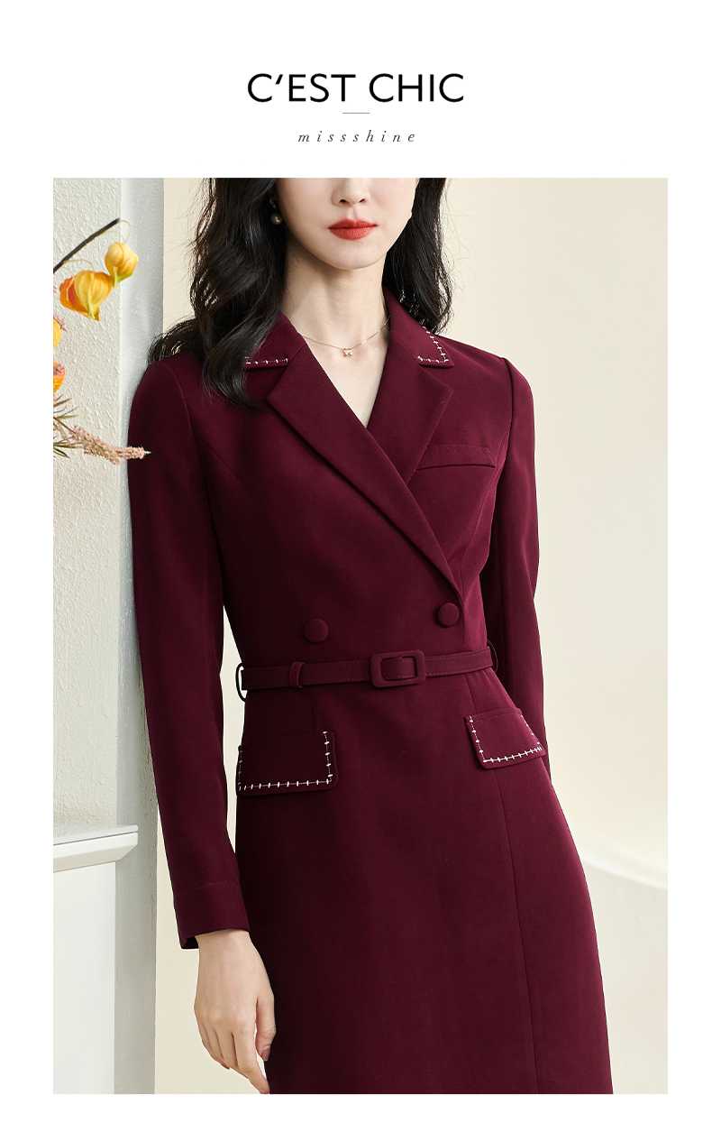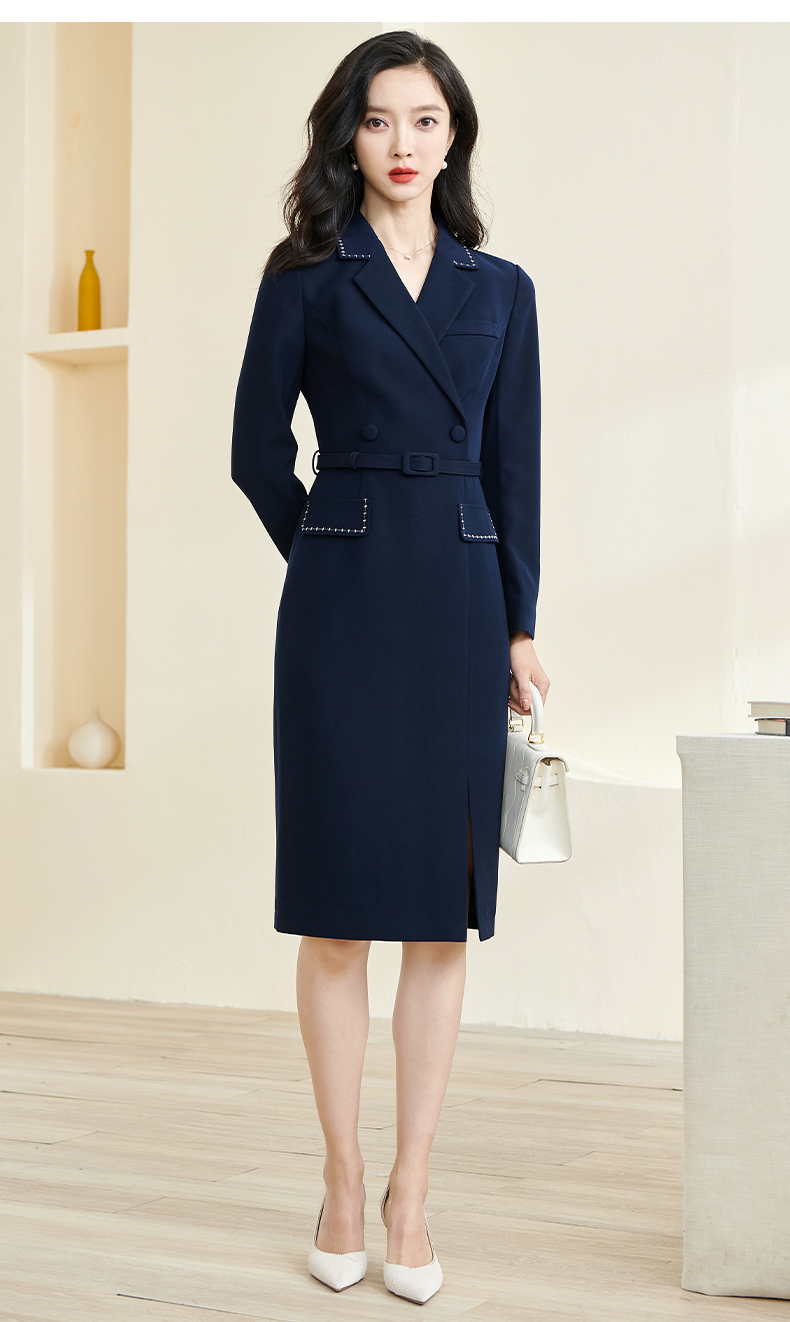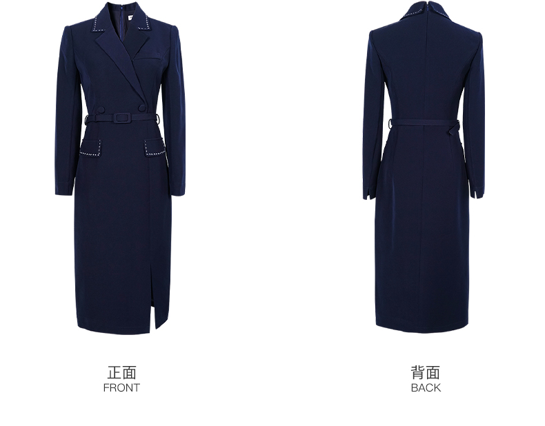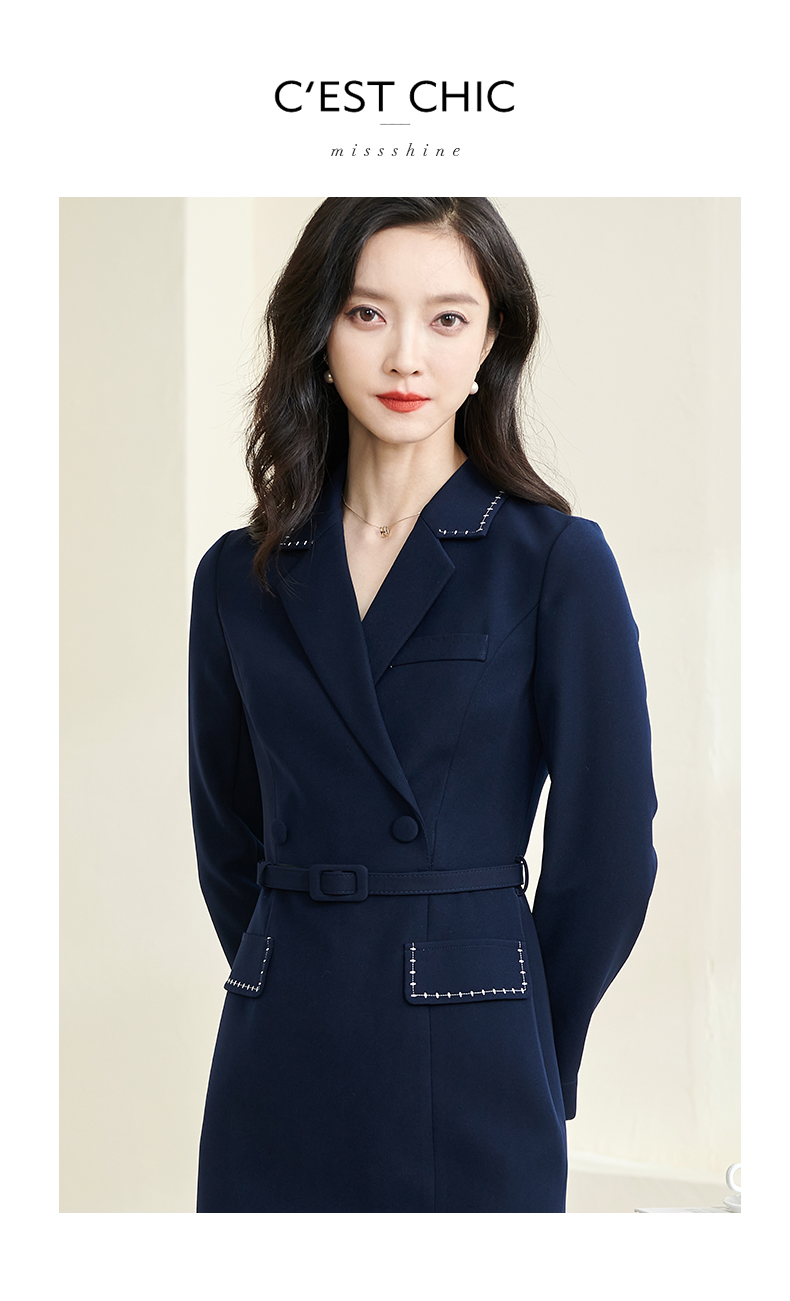 「深海谧蓝」西装裙 优雅满溢 米思阳2026春季新款气质通勤挺阔西装连衣裙修身收腰中长裙子2737
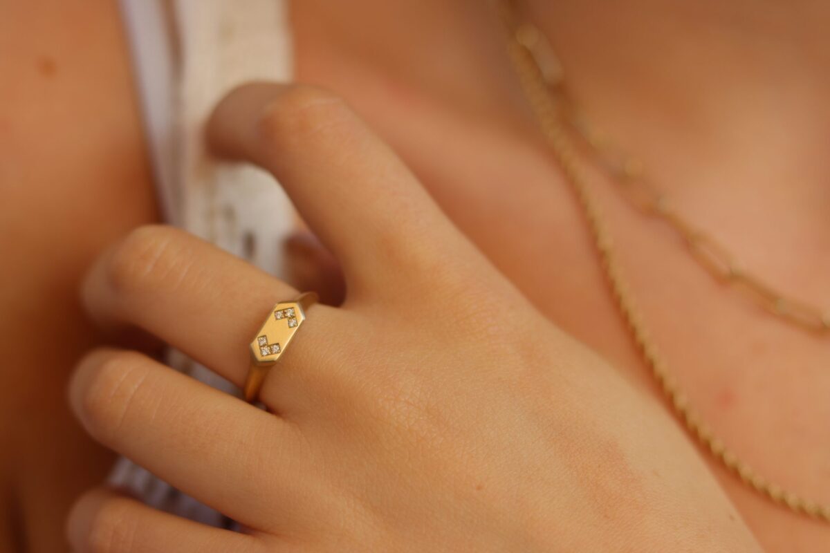 טבעת חותם עשויה זהב 14 קרט משובצת 6 יהלומים לבנים משובצים בצורת 2 חצים המעניקים לטבעת את המראה הייחודי והיפיפייה שלה.
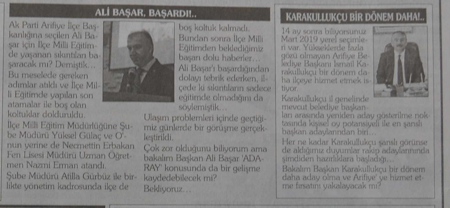 Sakarya Halk Gazetesi köşe yazarı Mehmet TAŞTAN’ın gazetede bu hafta yayınlanan‘Pazar Yazıları’ köşesinde Ariifye İlçe Milli Eğitimde son gelişmeler ve Başkan Karakullukçu’yu yazdı…
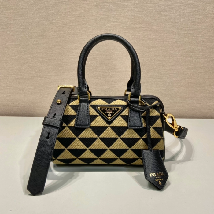 프라다 심볼 자수 패브릭 탑 핸들백 블랙/베이지 요약정보 및 구매
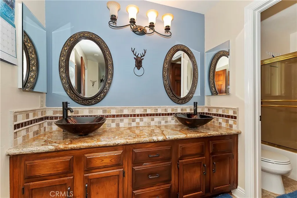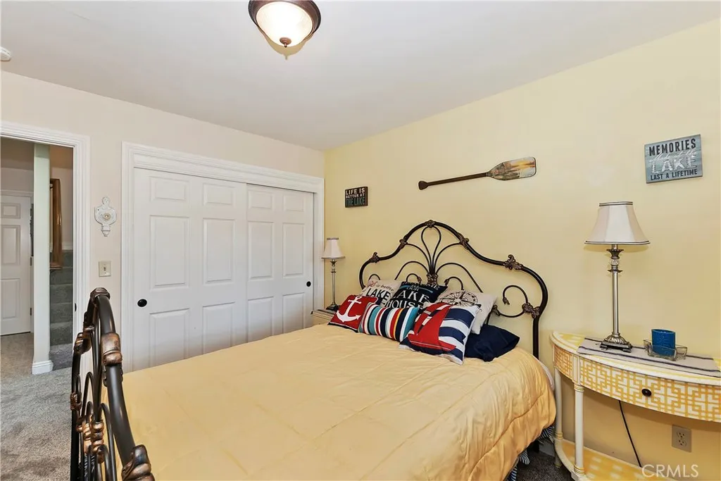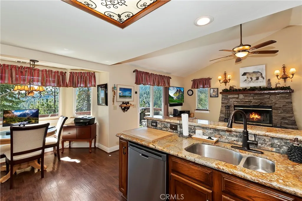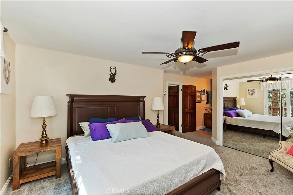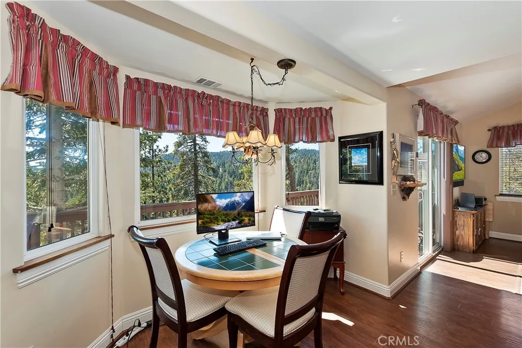 Experience the magic of Lake Arrowhead living with sweeping, long-distance panoramic forest views and exceptional privacy on a rare 17,000+ sq ft double lot. This beautifully upgraded mountain retreat, offered mostly furnished, delivers space, serenity, over $100,000 in recent enhancements and, of course, FULL LAKE RIGHTS. Step inside to warm, inviting living spaces, including a cozy family room with a wood-burning fireplace the perfect mountain ambiance. Newer luxury carpeting flows throughout both levels, complementing the updated kitchen featuring granite countertops and refreshed cabinetry. Designed for comfort and resilience, the home now includes a 14KW Generac whole-house standby generator with internet monitoring, 1-ton Daikin air conditioning serving both levels, dual-pane windows, three low-maintenance TREX decks and, a newer SunSetter awning that extends your outdoor enjoyment. Outdoor living truly shines here. The main deck flows from the living room, while a second deck off the primary suite captures additional breathtaking panoramic views and creates a peaceful retreat. The third trex deck, located at the front of the house, offers an expansive gathering area, as well. The newer concrete driveway provides level, direct access from the 2-car garage plus expanded parking for guests or boat storage. And, the newer retaining wall with safety railing enhances both function and curb appeal. Pet lovers will appreciate the fully enclosed, top-to-bottom fenced area directly off the laundry room a secure and protected outdoor space. Additional fenced areas offer expan
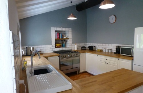 Kitchen with table and woodburner
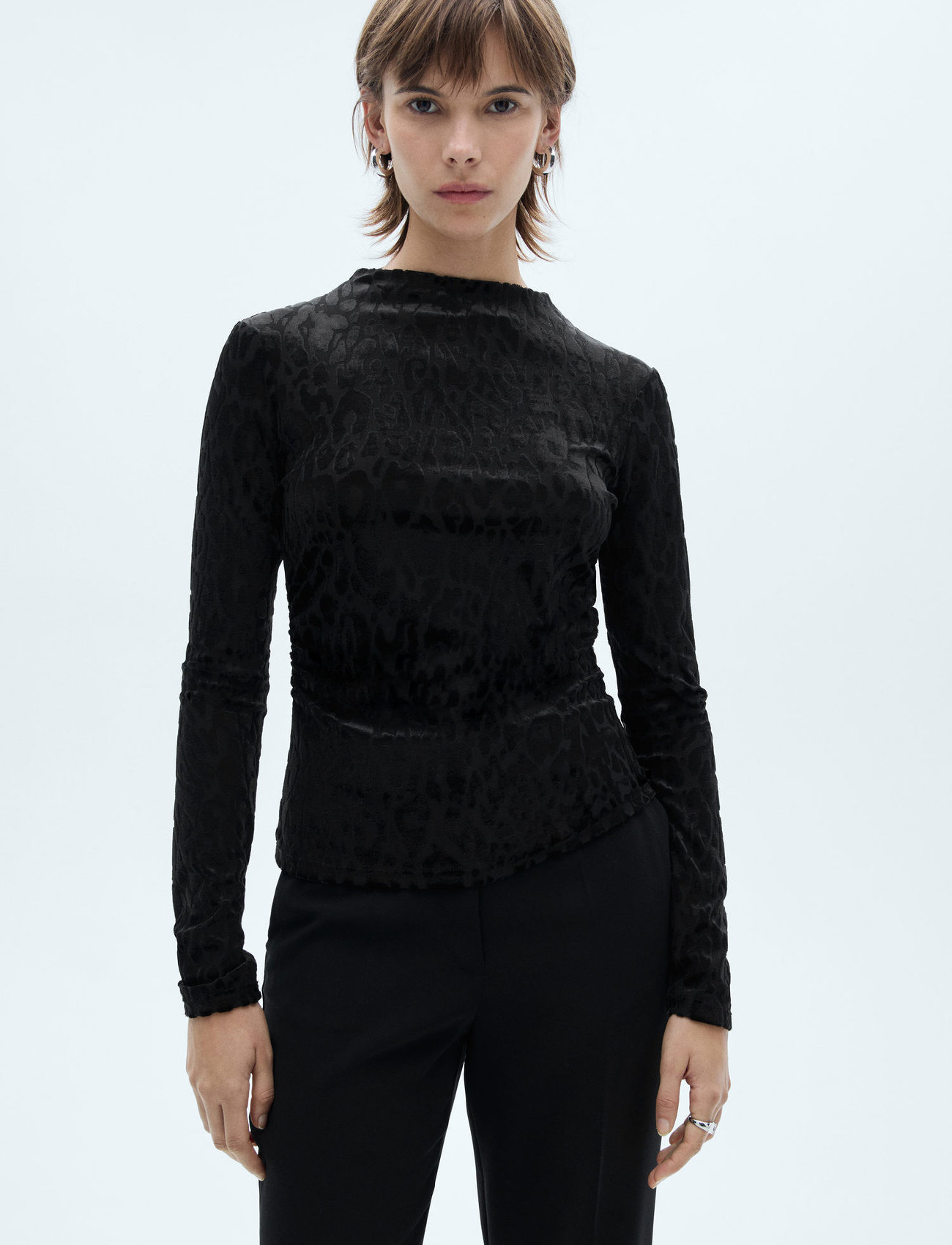 Mango Leopard-Print Long-Sleeved T-Shirt - Black - S
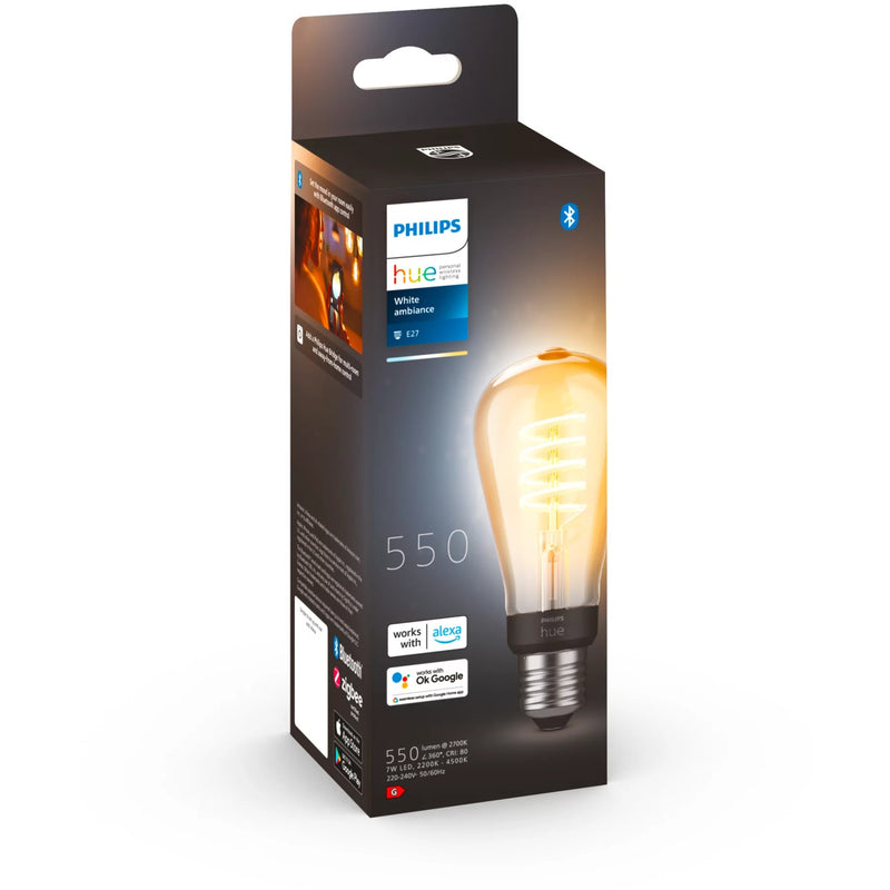 Philips E27 - Filament Edison ST64 - 550. Typ: Intelligentes Leuchtmittel. Schnittstelle: Bluetooth. Leuchtmitteltyp: LED. Energieeffizienzklasse: G. Stromverbrauch (Standby): 0.5 W. Stromverbrauch (max.): 7 W. Breite: 60 mm. Tiefe: 60 mm. Höhe: 133 mm. Verpackungsbreite: 7.2 mm. Verpackungstiefe: 7.2 mm. Verpackungshöhe: 17.6 mm. Menge pro Packung: 1 Stück(e). Anzahl der enthaltenen Hue Bulbs: 1 Glühbirne(n)
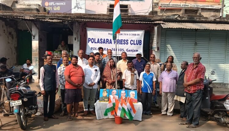 ପୋଲସରା ,୨୬/୦୧(ପିପିଟି) :ଆଜି ସମଗ୍ର ଭାରତ ବର୍ଷରେ ୭୭ ତମ ଗଣତନ୍ତ୍ର ଦିବସ ମହାସମାରୋହରେ ବହୁ ଉତ୍ସାହ ଏବଂ ଉଦ୍ଦିପନା ମଧ୍ୟରେ ପାଳିତ ହୋଇଯାଇଛି। ଏହି କ୍ରମରେ ଗଞ୍ଜାମ ଜିଲ୍ଲା ପୋଲସରା ଅଞ୍ଚଳର ଏକମାତ୍ର ପଞ୍ଜିକୃତ ପୋଲସରା ପ୍ରେସ୍ କ୍ଲବ୍ ପକ୍ଷରୁ ଏହି ସାମ୍ବିଧାନିକ ଦିବସ ପାଳିତ ହୋଇଯାଇଛି।
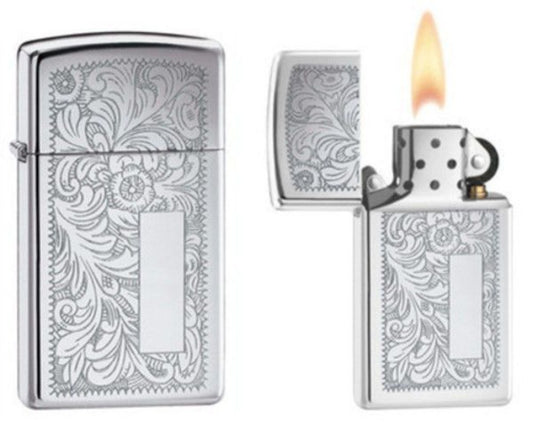 Zippo Slim Chrome Venetian Design, Good For Engraving, Genuine Lighter #1652
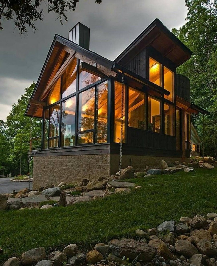 Маленький домик с панорамными окнами
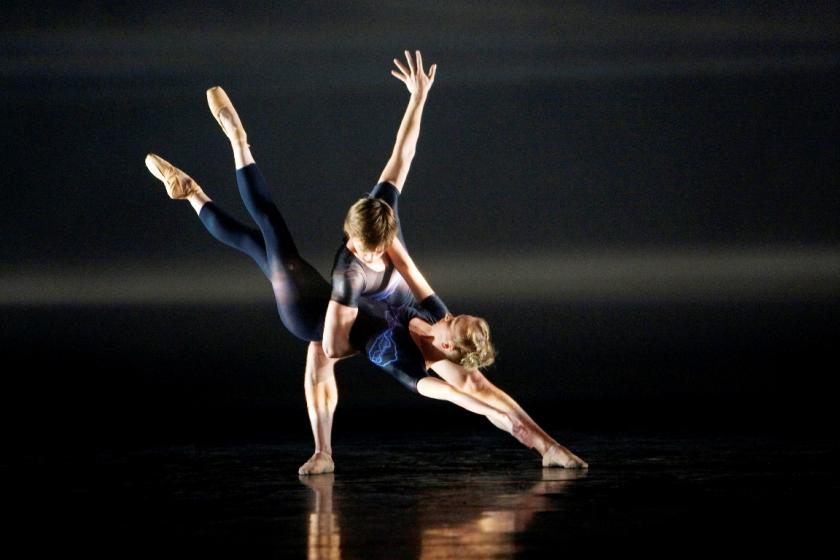 And certainly this triple reinforces that view. E=mc2 (right, photo: Roy Smiljanic) tops the bill, and remains on repeated viewings a work of dazzling originality. Based on an examination of Einstein’s theory of relativity (no, really, stick with me, it’s great), Bintley breaks the equation down into its three component parts, "Energy", "Mass" and "Celeritas (speed of light)". The first movement, all pounding percussion and sharp angles, is Balanchinean in its attack and ferocity, but shattered into sweetness by the recurrence of petite batterie, an English, Ashtonian lightness; "Mass" is a heavy, lyrical interlude of triplets before the perpetuum mobile that is "Celeritas" is unleashed upon us. (There is a solo break, before "Celeritas", entitled "Manhattan Project", an attempt to show the devastation caused by the practical application of the theory, in the atom bombs that were dropped on Japan. It is best overlooked as quickly as possible.)

Task:
Pictures excluded, repeat the material above from its first line through the line containing "Experience the magic", both included.

Solution for this task:
 「深海谧蓝」西装裙 优雅满溢 米思阳2026春季新款气质通勤挺阔西装连衣裙修身收腰中长裙子2737
 טבעת חותם עשויה זהב 14 קרט משובצת 6 יהלומים לבנים משובצים בצורת 2 חצים המעניקים לטבעת את המראה הייחודי והיפיפייה שלה.
 Sakarya Halk Gazetesi köşe yazarı Mehmet TAŞTAN’ın gazetede bu hafta yayınlanan‘Pazar Yazıları’ köşesinde Ariifye İlçe Milli Eğitimde son gelişmeler ve Başkan Karakullukçu’yu yazdı…
 프라다 심볼 자수 패브릭 탑 핸들백 블랙/베이지 요약정보 및 구매
 Experience the magic of Lake Arrowhead living with sweeping, long-distance panoramic forest views and exceptional privacy on a rare 17,000+ sq ft double lot. This beautifully upgraded mountain retreat, offered mostly furnished, delivers space, serenity, over $100,000 in recent enhancements and, of course, FULL LAKE RIGHTS. Step inside to warm, inviting living spaces, including a cozy family room with a wood-burning fireplace the perfect mountain ambiance. Newer luxury carpeting flows throughout both levels, complementing the updated kitchen featuring granite countertops and refreshed cabinetry. Designed for comfort and resilience, the home now includes a 14KW Generac whole-house standby generator with internet monitoring, 1-ton Daikin air conditioning serving both levels, dual-pane windows, three low-maintenance TREX decks and, a newer SunSetter awning that extends your outdoor enjoyment. Outdoor living truly shines here. The main deck flows from the living room, while a second deck off the primary suite captures additional breathtaking panoramic views and creates a peaceful retreat. The third trex deck, located at the front of the house, offers an expansive gathering area, as well. The newer concrete driveway provides level, direct access from the 2-car garage plus expanded parking for guests or boat storage. And, the newer retaining wall with safety railing enhances both function and curb appeal. Pet lovers will appreciate the fully enclosed, top-to-bottom fenced area directly off the laundry room a secure and protected outdoor space. Additional fenced areas offer expan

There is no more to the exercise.